- REQUIRED ACTION: Copy out the full data exactly as given; pictures should not be included.

- INPUT DATA:
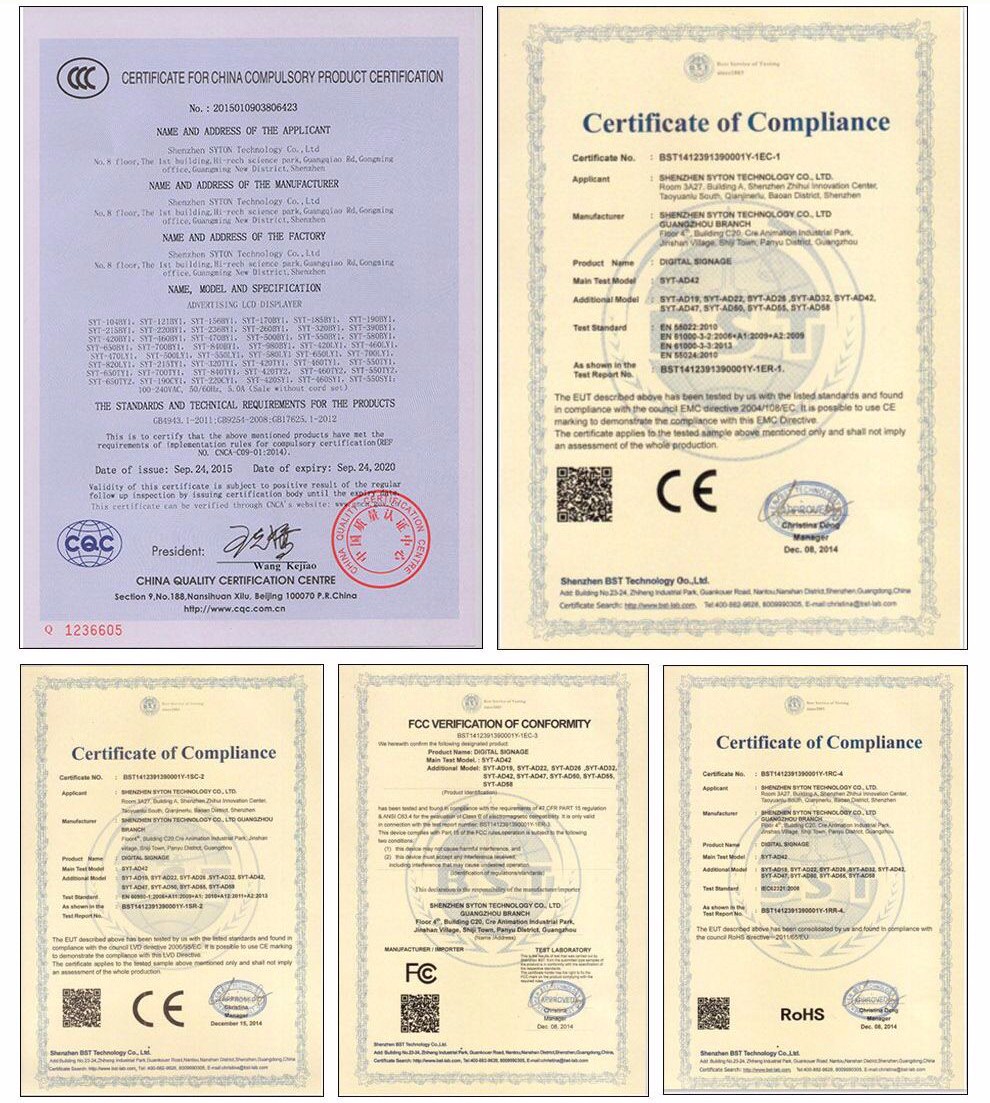 SYTON Co,. established in 2005 in Shenzhen China, is always highly specialized in the field of LCD products. We have been developing and manufacturing LCD products since 2005 and during these years we have developed our own products, such as LCD ad player, touch screen kiosk, large-screen splicing, teaching machine, all-in-one PC, car ads, weichat advertising player and so on.
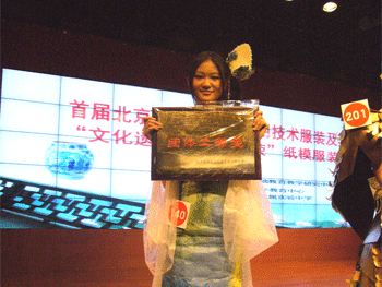 纸模服装是以适当材质、颜色的纸张做材料;以粘、缝、订等连接方式成型;配以绘画、镂空剪贴、叠加剪贴等表现手法制作的服装。此次展示活动由北京教科院基础教育教学研究中心主办、北师大实验中学承办。旨在推进北京市普通高中通用技术“服装与设计”选修模块的开展,给学生提供更多的设计实践和动手创作的机会,培养创新意识,加强审美、造美能力。来自全市40所高中校的近300套服装参加展示。
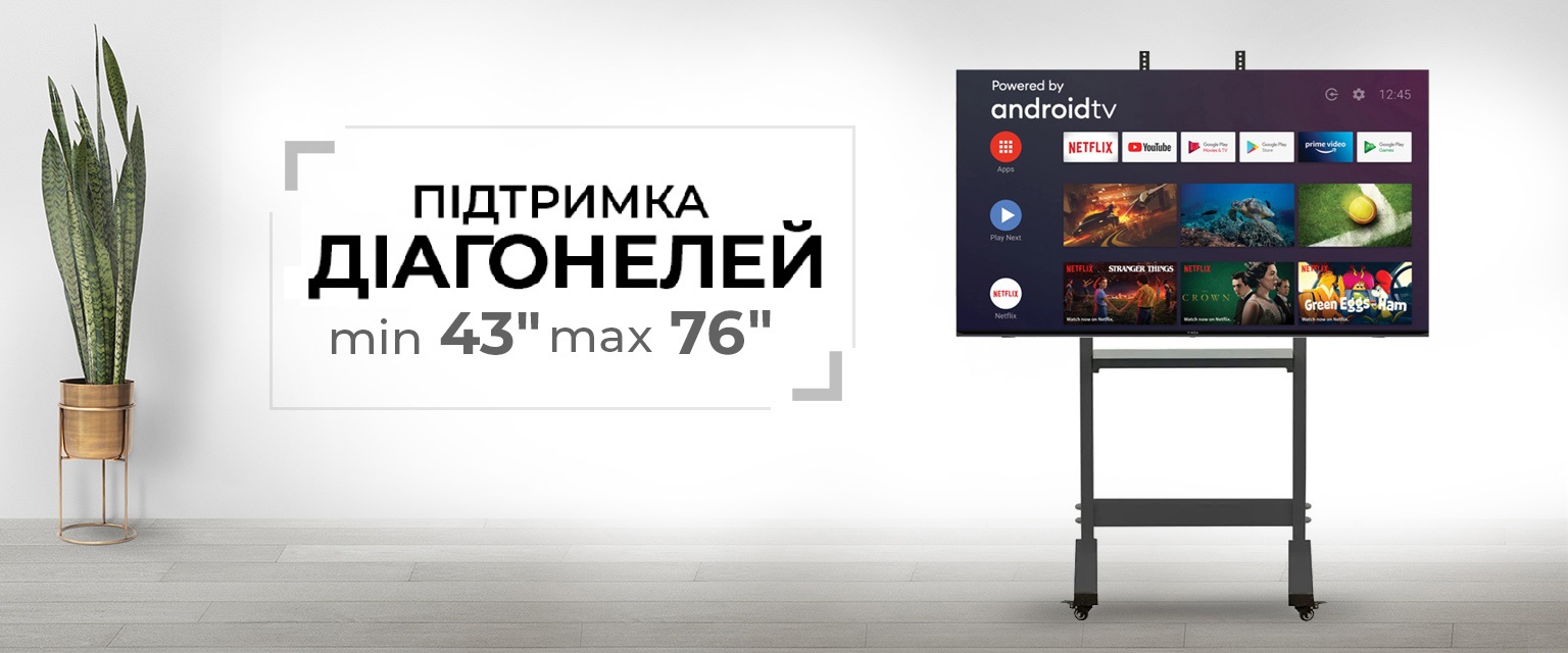 | Діагональ екрану | 43", 45", 46", 47", 47.6", 48", 48.4", 49", 50", 51", 52", 54.6", 55", 56", 58", 59", 60", 61", 63", 64", 64.5", 65", 70", 74.5", 75", 76" |

- EXPECTED OUTPUT:
 SYTON Co,. established in 2005 in Shenzhen China, is always highly specialized in the field of LCD products. We have been developing and manufacturing LCD products since 2005 and during these years we have developed our own products, such as LCD ad player, touch screen kiosk, large-screen splicing, teaching machine, all-in-one PC, car ads, weichat advertising player and so on.
 纸模服装是以适当材质、颜色的纸张做材料;以粘、缝、订等连接方式成型;配以绘画、镂空剪贴、叠加剪贴等表现手法制作的服装。此次展示活动由北京教科院基础教育教学研究中心主办、北师大实验中学承办。旨在推进北京市普通高中通用技术“服装与设计”选修模块的开展,给学生提供更多的设计实践和动手创作的机会,培养创新意识,加强审美、造美能力。来自全市40所高中校的近300套服装参加展示。
 | Діагональ екрану | 43", 45", 46", 47", 47.6", 48", 48.4", 49", 50", 51", 52", 54.6", 55", 56", 58", 59", 60", 61", 63", 64", 64.5", 65", 70", 74.5", 75", 76" |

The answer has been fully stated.